Thursday, November 2, 2023

Constance Hansen : Five poems

 

What Will Crush You With Its Giant Marble Feet


What will grind you into a dust sweet as lead, a powdered
sugar to dull your wits & sharpen your rage? What will
scrape you hollow, an empty gourd with a grotesque smile?
If you love, grief will. We are what we eat and so we are sorrow.
Children who lose parents form around grief at a pliable age
and take its shape. A twisted deity runs its long fingers through
a series of minor scales, sending us drifting through the open
window of the rest of our lives. Parents who lose parents lose
sleep, help, footing. Weigh many more tons than can get up
and play, cook, break up the fights. Honey-sticky little hands
for whom I would die but not make toast, dinner time as it may be,
can you lift the cairn from my chest, stone by stone by increasingly
heavy & hard to palm stone? No? Then you can watch another show.

 


Interment

        For my father

 

Nothing would ever be good enough for you.
Not for you—but for us, for you. 

And it wasn’t going to be the green
crushed velvet that covered everything

and felt so meager in our hands.
Nor your formal portrait

carving tracks in the mud as it slid
down the coffin-stuffed hill.

Neither would it be the cousin
of a hotel ice bucket full of dirt

we ladled over you like gravy.
The rain had the right idea

and so did my toddler
when she tackled the easels

full of smiles, so they
would just stop.

 



A Marian Carol

     For my firstborn

 

Baby, I’m
the solar
calculator
you found
in a drawer.
If, however
blinklessly,
I even existed
before you
picked me up,
I had no idea.

 


Mama

I can see it now—
you were looking at eternity
and thinking about laundry.


My Pack


The month my moon came and my mother went,
they gallivanted in on their hems, camped
under the Christmas tree, and jumped right in
my lap—my pack.

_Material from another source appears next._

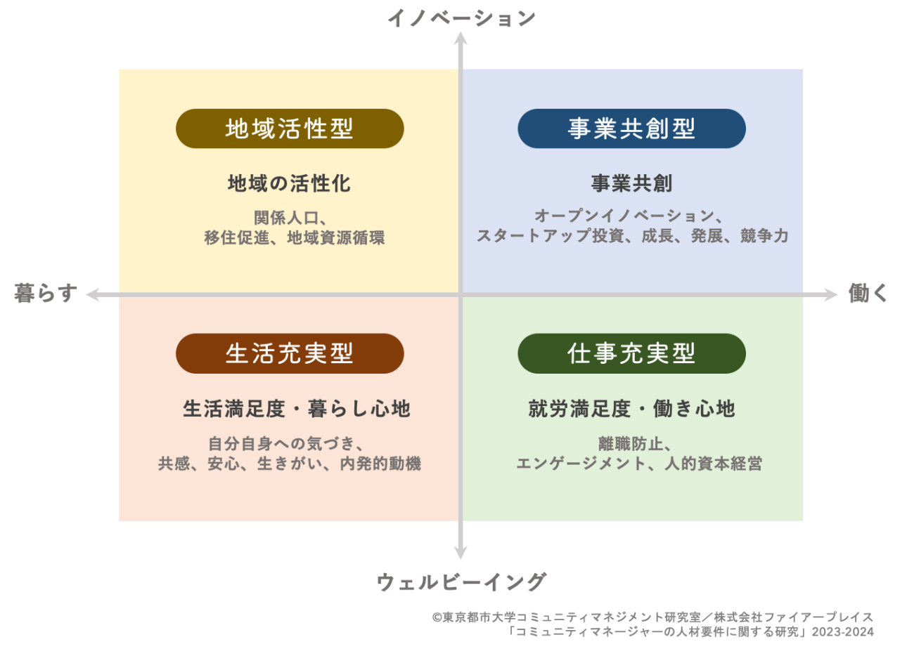 ※1. コミュニティマネージャーとは:コミュニティの成長と活性化を促進する役割を担う職種です。メンバー間の関係を深化させ、共感や共創の土壌を築くことを目的としています。本研究ではコミュニティマネージャーが運営するコミュニティのタイプを、主な場(暮らす/働く)と事業目的(イノベーション/ウェルビーイング)の2軸を用いて4象限に分類しました。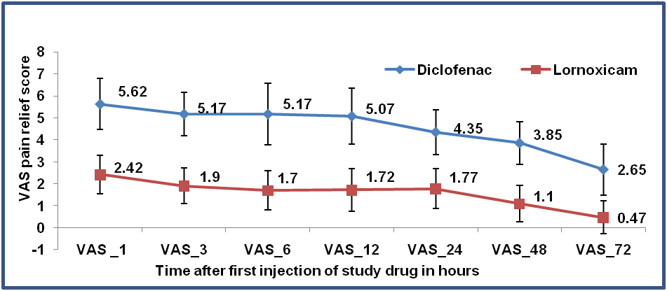 Graphical representations of VAS score of lornoxicam and diclofenac group.

Sloshing grails and stealing
swords, hoisting canopies and hammering
cathedrals. Wheel-wound and foot-strung, in horned
diadem, robed or perfectly naked,
they came with lilies, sloughing stars and skulls,
pouring pitchers of water into ponds
and other bodies. Black hounds warred against
their chains. Wolves brayed wild and lunar when
the cards would waterfall through my hands and
never once fall in the wrong place, not once.

 

 

Constance Hansen is Managing Editor of Poetry Northwest. Her poetry and reviews have appeared or are forthcoming in: RHINO, Harvard Review Online, Southern Humanities Review, Cimarron Review, Four Way Review, Northwest Review, Vallum, Superstition Review, and elsewhere. Originally from Seattle, she lives in Paris. You may learn more at www.constancehansen.com.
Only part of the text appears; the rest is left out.